Getting out, physically and figuratively

I learned that courage was not the absence of fear, but the triumph over it. The brave man is not he who does not feel afraid, but he who conquers that fear.

Nelson Mandela

Last Sunday I got away from myself. Finally. I have been living in fear and letting it run my life. I’m twenty one years sober – and still human. How did I get away? By literally getting away from my house.

I currently live in a place that is about a two hour ride from where I used to live a few years ago. I had a two year interval where I was far away from this area, then moved to where I am now.

I have friends, old sponsees and old sponsors that still live there in this place that really is not that far away. I am a bit of a mess in my present home town. I moved here, blew out my back, went to Australia for a few months, got married, changed jobs, lost my job, and more. Lots of life stuff and in my humanity I have not gotten well connected with AA here. That list is just what it is. A list of excuses I could use to say why I have just been to busy to find a home group, work with others, and all that stuff I have been taught can be vital to my sobriety. The bottom line is I have not been doing what I need to do to keep my self as safe as possible.

With a bunch of fear building up (me, in my head, that is), I decided I finally needed to go see folks that I know and that know me. Of course it was fabulous. I am so grateful that these people are there and that they have remained sober. I took a lot of strength and joy from seeing these people. What they have become, what they have created around them and how they are dealing with the everyday problems of living, and living sober.

I do not have that kind of connection with people here. I can bitch and moan about it, or go to more meetings and talk to people. Shake hands, get and give numbers, go to coffee, call people, give people rides, and on and on.

I was driving home from my visit to see my old friends and was listening to an inspirational talk. One of the ideas being talked about was something I had either never thought about in the way it was presented or just never needed to hear about before in the way it was discussed. Basically it was talking about how we are who we are in part because of our background or as the speaker said “our edges.” If I only see the dimension of me, separate from my background, then I am not seeing me. Because part of who I am is where I grew up, my actions and reactions to those who raised and were raised with me, my experiences, my culture, etc. Without having some sense of those things I am ill defined.
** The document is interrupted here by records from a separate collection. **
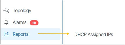 To view DHCP assigned IP addresses go to Reports/DHCP Assigned IPs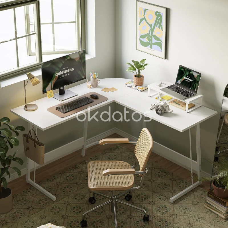✨ Escritorio en L Blanco –✨ Transforma tu espacio con este elegante escritorio en forma de L, perfecto para gaming 🎮, oficina en casa 💻 o estudio 📚. 📏 Medidas: 47.24” ancho x 17.72” profundidad x 28.62” alto 🤍 Color blanco moderno 🖥 Soporte de monitor ajustable (móvil) 🦵 Amplio espacio para las piernas 💪 Estructura resistente y estable Material : Madera de ingeniería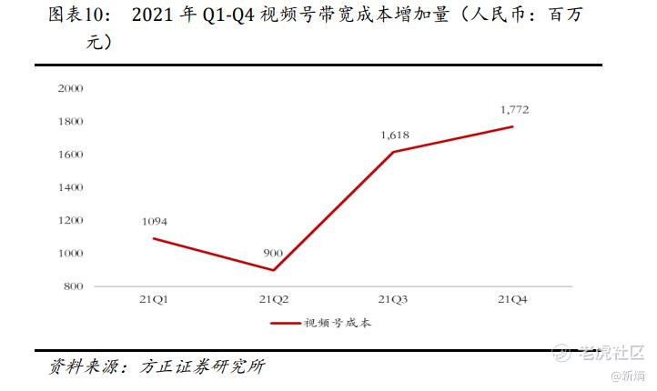 根据方正证券估算,在2021年举办多场长线上演唱会的视频号,本年度的Q1-Q4成本增长量分别为10.94亿元、9亿元、16.18亿元、17.72亿元。短期来看,尚处于商业化探索的视频号,这部分成本无法转化为收入,进而影响2021年的腾讯业绩。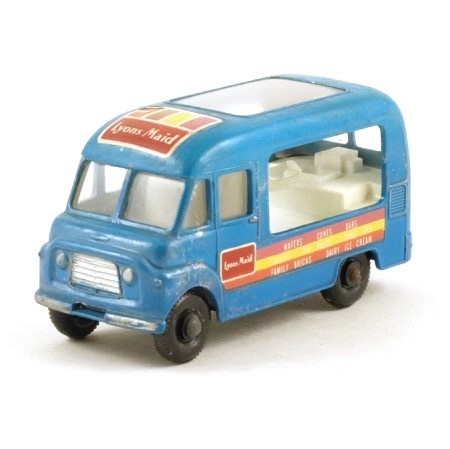 This ice cream van is in mid blue with silver grille, bumper and headlights, and a detailed white interior complete with sales person. The base is black and the wheels are black plastic with fine tread. Colourful 'Lyons Maid' decals on the roof and sides, the roof decal being the later smaller type.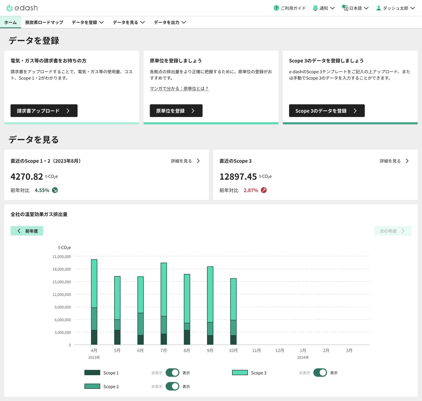 CO2排出量可視化クラウドサービス「e-dash」がUIを全面リニューアル

The thing that smashed down on me when I was thinking about this? When I am as cut off as I am from an AA network that is in my life – going to more than a meeting every week or two, talking and knowing more people in my immediate AA community, trying to hold my hand out and praying more for the opportunity to help and work with others – then I flatten myself out into a very dimensionless me. I lose sight of so much of my background and all the rest of the things that are a part of me. Kind of like I can’t see the forest for the trees.

An example is the easy adjustments that come from attending a meeting. Someone sobbing because they can’t stay sober. Someone talking about hell in having gone back out. Someone talking about an amazing insight they had when making an amends. Someone talking about being there for their spouse as their partner was dying of cancer. I need to hear and feel these things to keep me to wrapped up in myself. There is a bigger world out there and I am a part of it. Me and God, hanging out in a figurative closet, just don’t have as much of a clue about this when I sit at home to much. Brooding about my lack of income, my inability to contribute at the moment to the finances of my family and lots more. God’s power, grace, strength, compassion and lots more is presented with more clarity to me when I am not so wrapped up in myself. This in turn cranks up my faith, love, tolerance and joy of living.

So I know what I need to do more of. I have know for awhile. I just haven’t acted. As the self-help folks or motivational speakers might say, the time to act is now!

Hopefully I have sat in my own shit for long enough.